By the way, Hinty has a very bad reputation in this country because his works are kept in publication by the most vile racist fundamentalists who hold him up as a shining example to youth. I've never read him, but when I was recently asked to publish a recommendation for Young Adult literature that set during the risorgimento I could find nothing else than his book on it. As a precaution, I put on a disclaimer to the effect the reader had to understand that he was Victorian and might tend to be racist. Was that actually warranted?

I think books exemplifying Victorian imperialism (as Henty's do) are probably always racist, because racism is in the nature of the beast. You will search in vain in the pages of By Sheer Pluck: a Tale of the Ashanti War for a Conradian critique of the imperialist enterprise, let alone an Achebe-esque one. Having said that, I think Henty was far more interested in promoting manliness, self-reliance and adventurousness - the qualities that tomorrow's imperialists would need - than he was in preaching a gospel of white superiority.
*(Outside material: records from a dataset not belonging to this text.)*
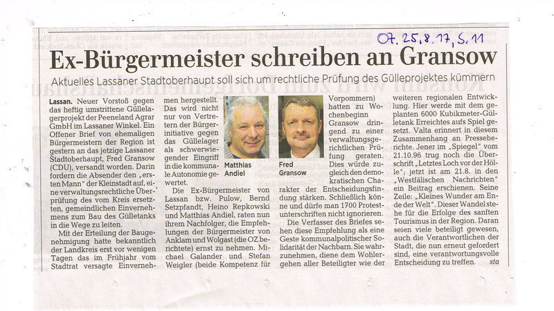 Nachdem schon die Bürgermeister der Nachbarstädte Anklam und Wolgast in einer Geste kommunalpolitischer Solidarität dem jetzigen Bürgermeister von Lassan dringend zu einer Klage gegen die Baugenehmigung eines Großgüllelagers geraten haben, melden sich nun weitere 3 ehemalige Bürgermeister von Lassan zu Wort und empfehlen auch eine verwaltungsrechtlichen Prüfung. ( siehe OZ - Artikel ! )
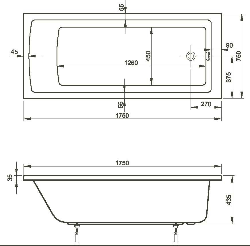 Höhe 435 mm, Sanitäracryl 4 mm, 1 Rückenschräge, Wassertiefe 320 mm (Ablauf bis Unterkante Überlauf), ohne Hahnlöcher, ohne Schürze, Ab-/Überlaufgarnitur ist nicht im Lieferumfang enthalten, Inhalt 155/175/203/192/210/192/210 l
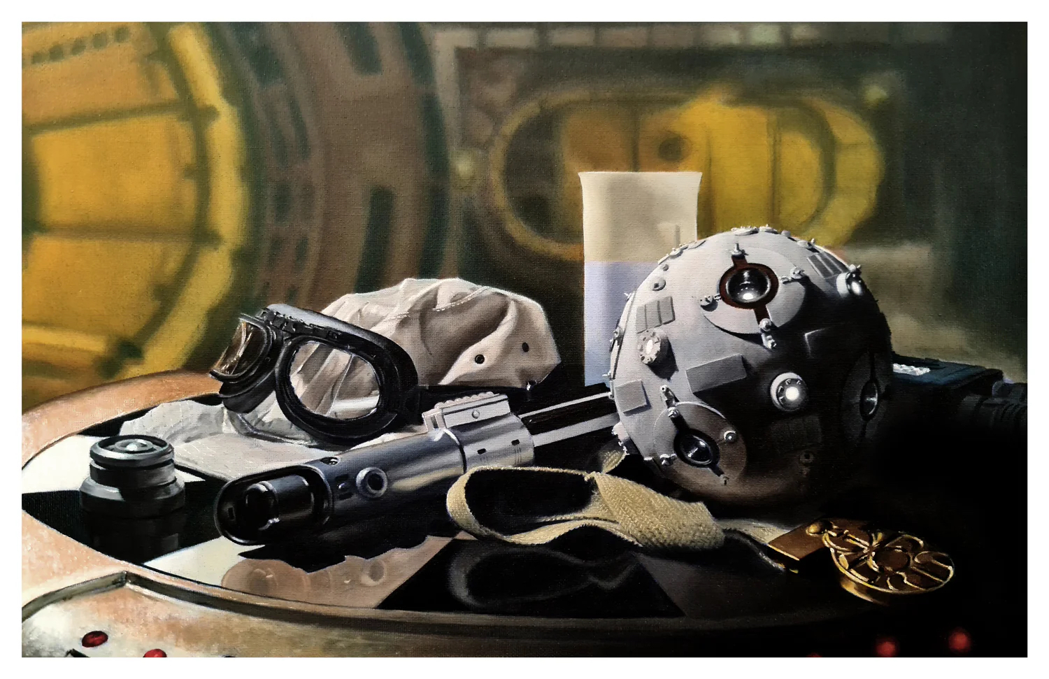 Robin Springett reinventa gli oggetti di culto di film iconici come Indiana Jones, Star Wars e Blade Runner in nature morte che evocano un’eleganza classica, mescolando lo stile rinascimentale con il fascino della fantascienza.
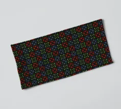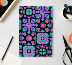 Dieses grafische Pfeilmuster zeigt eine moderne Komposition sich wiederholender Pfeile in einer Vielzahl von Farben, die ein Gefühl von Bewegung und Energie vermitteln. Die begrenzte Farbpalette schafft Harmonie, und die Verwendung von Pfeilen symbolisiert die Richtung.
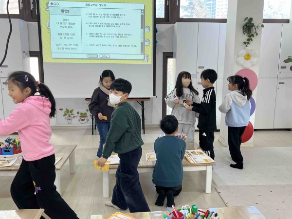 5) 소감 : 첫 수업이라 저조한 참여율을 보일까 걱정하며 시작하였는데, 생각보다 아이들의 반응이 좋아서 수업을 원활하게 진행할 수 있었습니다. 다만 아이들이 각기 다른 시간에 도착하는 바람에 중간에 들어온 아이들에게는 활동에 참여시킬 수 없어 아쉬웠습니다. 이 점 어떻게 보완할지 고민해보고 다음 2차시 수업을 가야겠다는 생각이 들었습니다. 또한 생각보다 많은 아이들이 있는 반이어서, 다음 시간부터는 아이들의 집중력이 흩어지지 않도록 더 주의해야겠다고 생각했습니다.

It may be that your racist fundamentalists are finessing him somewhat for their own purposes.

I keep wanting to call them gladioli in the plural - I think the etymology is the same?

Gladiolus means "little sword"; it's a diminutive, like homunculus from homo or Marcellus from Marcus. Presumably from the shape of the flower-heads or the leaves.

Thank you! I think that was the fact rattling round my mental lumber room.

It is the same - gladioli look like swords.